Side note: In addition to saving program memory, packing multiple instructions on a line also sped up the program since it no longer had to scan over line numbers moving from instruction to instruction.
Line length limit
When you begin typing a line on the CoCo, everything you type is going in to a buffer in memory. The Color BASIC Unravelled disassembly book labels this buffer as LINBUF, and describes it as follows:
After line header comes LINBUF which is a 251-byte buffer to store BASIC input line as it is being typed in. This 251-byte area is also used for several different functions but primarily it is used as a line input buffer.
Color BASIC Unravelled, page F3
In the disassembly, I see that this buffer is located just a bit before the 512 bytes used by the 32-column screen.
The buffer is at &H2DC (732), followed by a 41 byte “STRING BUFFER” (whatever that is for) at &H3D7 (983) and then the &H200 (512) bytes for video at &H400 (1024).
The disassembly reserves “LBUFMX+1” bytes for this buffer, but even without looking that up, we could figure out how big the buffer is by subtracting the start of the STRBUF after it (&H3D7) from the start of the LINBUF (&H2DC). That gives us 251 bytes. And, indeed, looking up what LBUFMX is, we find it is indeed 250:
…so “LBUFMX+1” would give us the 251.
I like it when the math checks out.
This means when you go to type in a BASIC program line, you shouldn’t be able to type any more than 251 characters. And, actually, it stops you after typing in the 249th character:
Above, you can see I was able to type seven (7) full 32-character lines (224 characters) and then twenty-five (25) more characters on the final line before BASIC stopped me. 224 + 25 is 249, with the cursor sitting at the 250th position. I’d have to look at the code to see why it stops there, since 249 isn’t the 251 I expected.

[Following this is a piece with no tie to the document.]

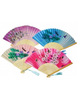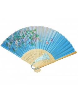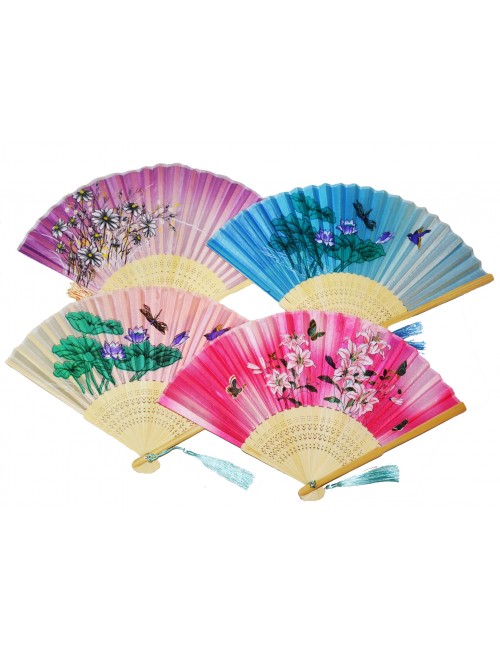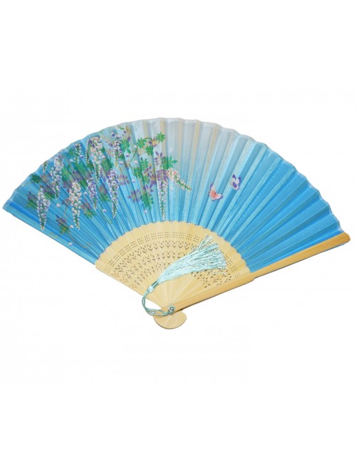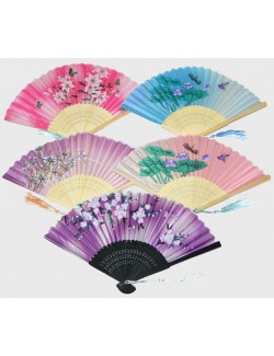 Evantai din bambus, cu imprimeuri de inspirație asiatică pe material sintetic și un ciucure (100% poliester), lungime 21 cm, latime aprox. 38 cm (desfășurat).

Something interesting happens when you press ENTER. That line will get tokenized, and BASIC keywords will be changed from the full word (such as “PRINT”) in to a one or two byte token that represents them. In this case, the PRINT keyword will become a one byte token, so the five bytes I typed for PRINT will become one byte. And then if I try to EDIT the line again, I should be able to “X”tend the line and add four more characters:
You can see after I typed “EDIT 10” and then typed “X” to extend to the end of the line, I could type four more characters.
BUT, if I then LIST the program, you won’t see all four of them — only three:
This is a bug in LIST. The four dots actually are still there, and you can see them PRINT when I run this program:
I suppose the point is, no matter what you do, you can’t enter more than 249 characters on a BASIC line.
Or can you?
Defining the limits
What was the limit set to 251? Why not 256 or 200 or something else? It seems to me that the LINBUF length limit may have been arbitrary based on how much memory was available. I suppose back in 1980 on a 4K machine, you didn’t want to take up half your memory for an input buffer that was unused any time you weren’t actually typing stuff in.
But, the actual BASIC interpreter doesn’t seem to care about line length. Looking at the Unravelled disassembly, here is the description of how a BASIC program is stored in memory:
Let’s ignore #1 for the moment. We’ll use this simple program as an example:
10 PRINT"A"
20 PRINT"B"
30 PRINT"C"
If I type that in, somewhere in memory it will be stored. The keyword PRINT will be turned in to a one byte token, and the rest — the quotes and letters — will be be stored as-is. The somewhere we can figure out by checking some memory locations:
Above, TXTTAB represents two bytes in memory at &H19 (25) and &H20 (26) that contain the address where the BASIC program is in memory. Since variables are stored directly after the BASIC program, we can use VARTAB (the start of variables) to figure out where BASIC ends.
PRINT PEEK(25)*256+PEEK(26) PRINT PEEK(27)*256+PEEK(28)
This shows that my three line program is in memory from 9729 to 9758. Well, actually, 9757 would be the last byte of the BASIC program, since 9758 is the first byte of variable storage. But close enough!
If I were to PEEK the bytes in that range, I could see what the tokenized program looks like.
FOR I=PEEK(25)*256+PEEK(26) TO PEEK(27)*256+PEEK(28):PRINT PEEK(I);:NEXT
Or, print the two sets of PEEKs first and just use those numbers in the FOR loop:
Above we see the series of bytes that make up the BASIC program. In the earlier list…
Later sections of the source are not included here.